Best 2009 Posters were a coup for Finland: Minja Laulajainen, University of Helsinki won Basic Science category for a merlin-focused study, and Lotta Alivuotila, University of Turku won Clinical category for a cognitive-focused NF1 study.  The 2009 NF Conference closed with the announcement of the 2011 NF Conference Chairs, Nancy Ratner and Michel Kalamarides. Before then of course, the 2010 NF Conference (‘NF- Back to the Future') - will take place in Baltimore, MD June 5-8, 2010 and will be co-chaired by Sue Huson and Filippo Giancotti.    

Monday kicked off with a session focused on cognitive deficits of NF1 tackling topics such as the challenges of translating learning disabilities mouse research findings into human trials, as well as molecular drug target updates. This included results from testing drugs in learning disabilities fruit fly models (a well received presentation from Foundation-funded Young Investigator Linnea Vose). It is emerging that the clinical features of NF1 cognitive deficits are driven by many things in the brain, including potentially the way that some of the neurons (nerve cells) develop and ‘wire up' in the first place. Learning disabilities continues to be a really exciting and fast moving area of NF1 research.

Among today's NF2 presentations Vijaya Ramesh reported that cell signaling element mTORC, long recognized as an important candidate drug target for the treatment of NF1 tumors, may also be a key drug target in NF2 tumors meningioma and vestibular schwannoma. For example rapamycin which targets mTORC was able to shrink meningioma tumor cells - which are overly large -  back to a more normal size.   

 The theme of the 2009 NF Conference is ‘New Frontiers', a nod to the remarkable progress made in NF research and the tackling of new challenges, such as sorting through emerging clinical trial options. However, some truly brand new frontiers remain. Schwannomatosis, the rarest form of NF, causes peripheral nerve tumors and unmanageable pain. A candidate gene for schwannomatosis, called INI1, was identified just two year ago, but many mysteries remain. Are NF2 mutations also involved in schwannomatosis? What about other genes?   Some of these issues were addressed in a session Monday morning. A major challenge to answering these questions is lack of patients, since many clinics will at most see only a handful of schwannomatosis patients, and a lot of the patients are being seen elsewhere perhaps in pain or plastic surgery clinics. For this reason the Children's Tumor Foundation is supporting a special initiative to establish a collaborative schwannomatosis database that will collect patient data from as many clinics as possible.
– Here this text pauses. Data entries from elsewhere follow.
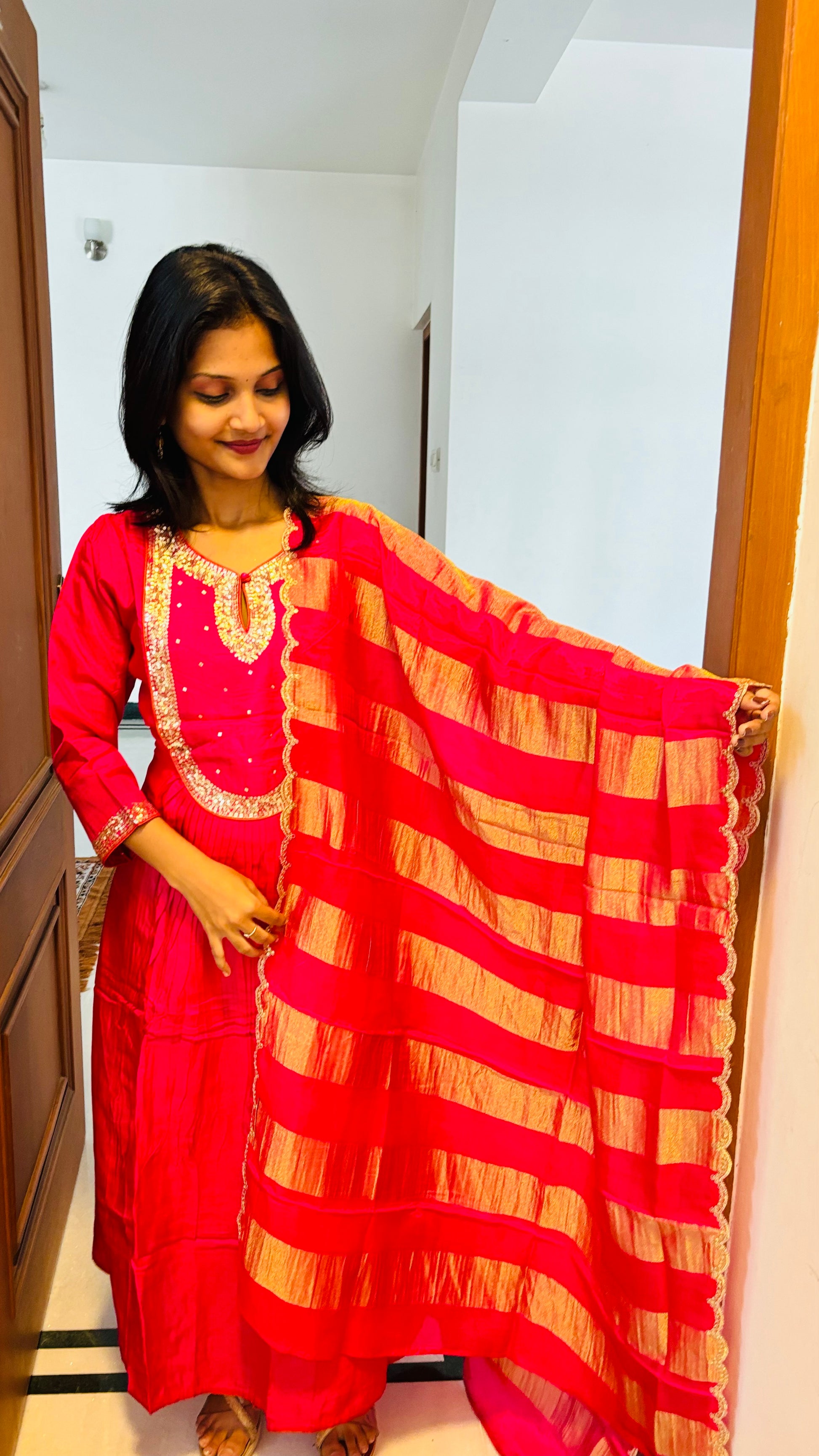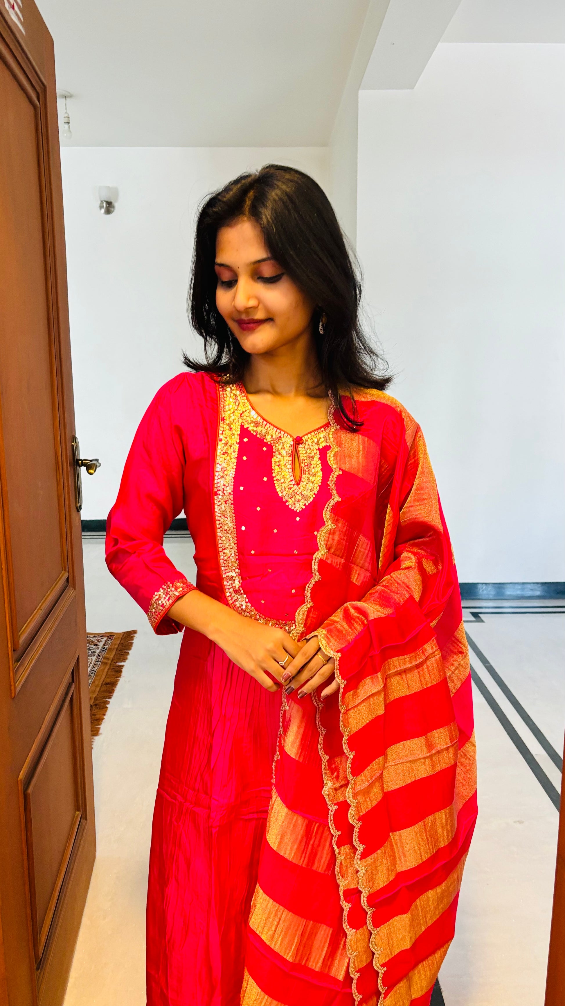 Radiate elegance in this pink Muslin Silk  Silk Salwar Suit Set ,paired with a delicate Organza dupatta for a graceful finish.
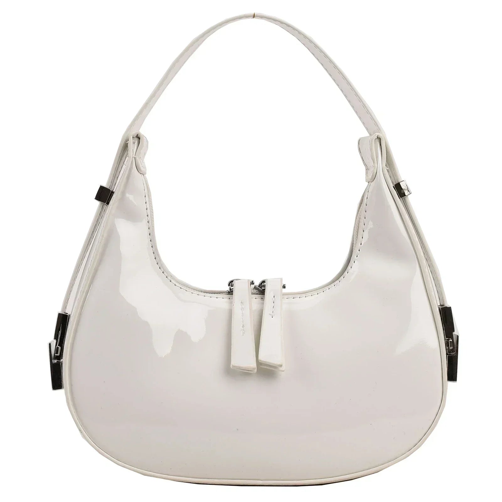 bella™ er en stilfuld skuldertaske i halvmåneform, perfekt til dig der elsker et feminint og vintage-inspireret udtryk. Den blanke lakfinish og unikke form gør den til et øjeblikkeligt blikfang – ideel til både hverdagsbrug og særlige lejligheder.
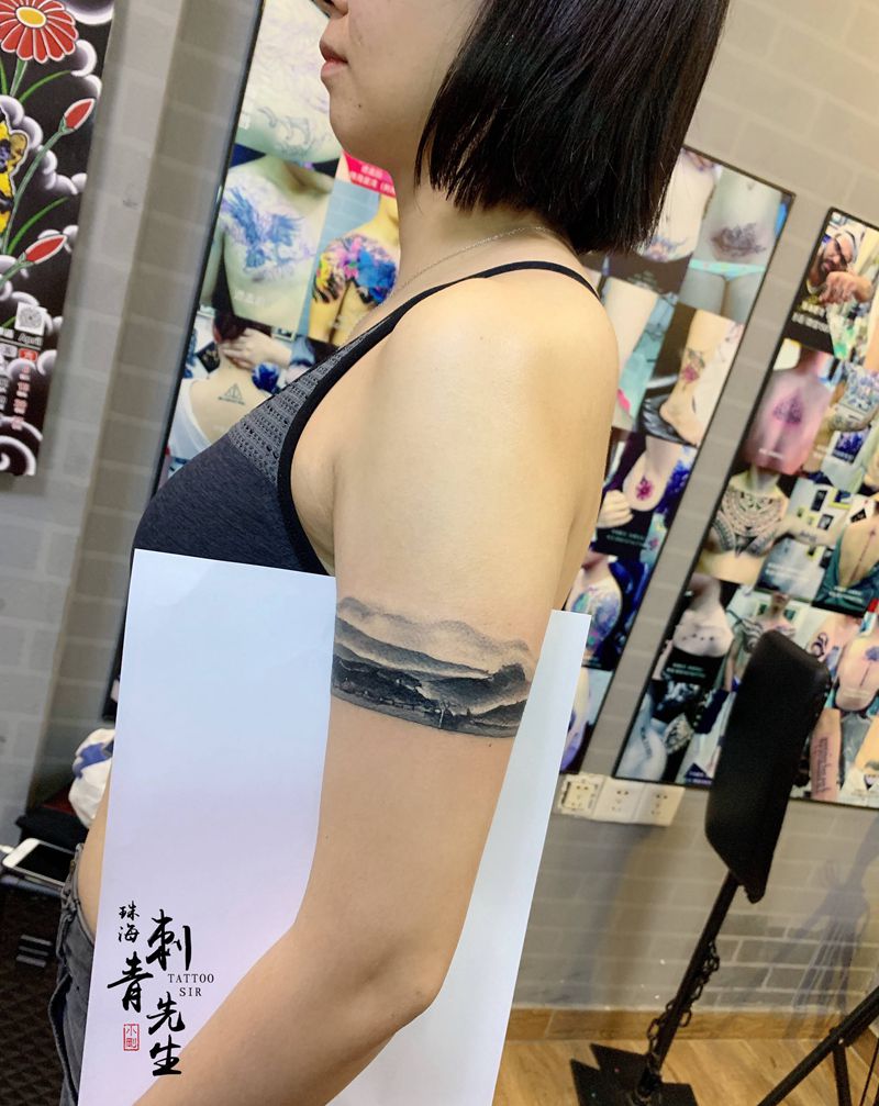 当前位置: 首页 >广东省珠海市纹身店-纹身(刺青先生)工作室纹身图案>山水画臂环纹身图片_手臂水墨纹身图案
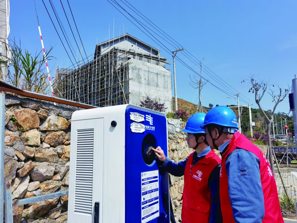 南方电网广东梅州丰顺供电局工作人员正在检查凤坪村的新建充电桩设备。 (徐奕燊 摄)
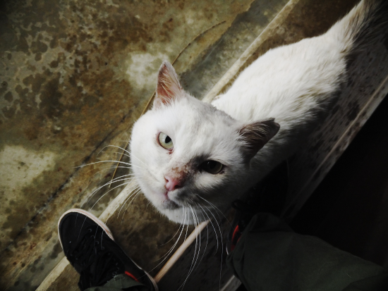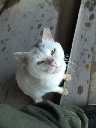 たまにシロクンはこうやって俺の脚に前脚をかけてくる事があるが
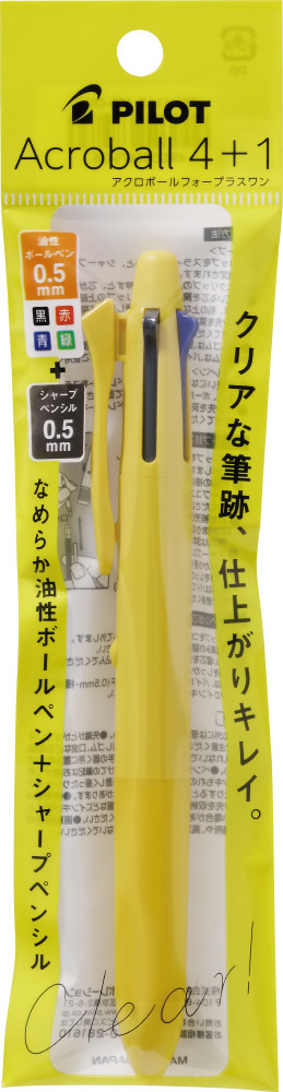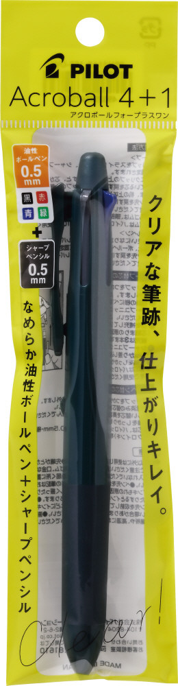 0.5mmボールペン4色(黒・赤・青・緑)とシャープペンシル0.5mmを搭載した多機能筆記具です。
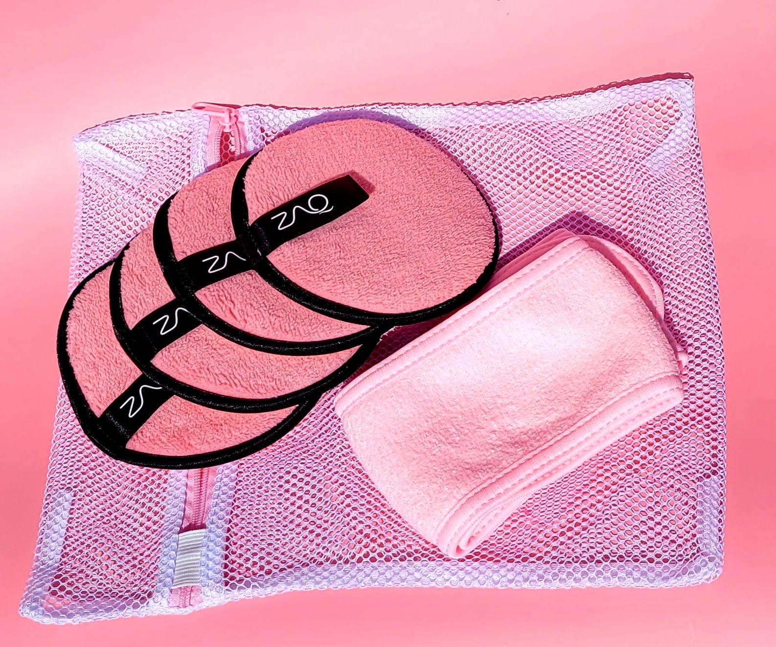Join us in our mission to reduce waste and choose a more sustainable beauty routine with our ZAQ Reusable Makeup Remover Pads 4pack with Spa facial Headband. Order now and experience gentle, effective, and eco-friendly makeup removal!

On Monday evening representatives from about ten clinics US and international met to hammer out the questions this database must ask - these need to be detailed enough to make the data collected ‘mineable' (searchable, meaningful) to identify patients for follow up studies. Also though, at the first cut, the amount of data to be entered can't be too onerous as to put clinics off taking the time to enter it. The Foundation is providing initial funding to get this database up and running, but perhaps our most important role in this will be to encourage and drive as many clinics as possible to participate. We are very fortunate that this effort is being driven the enthusiastic Allan Belzberg and Amanda Bergner at Johns Hopkins and excited to see it move forward.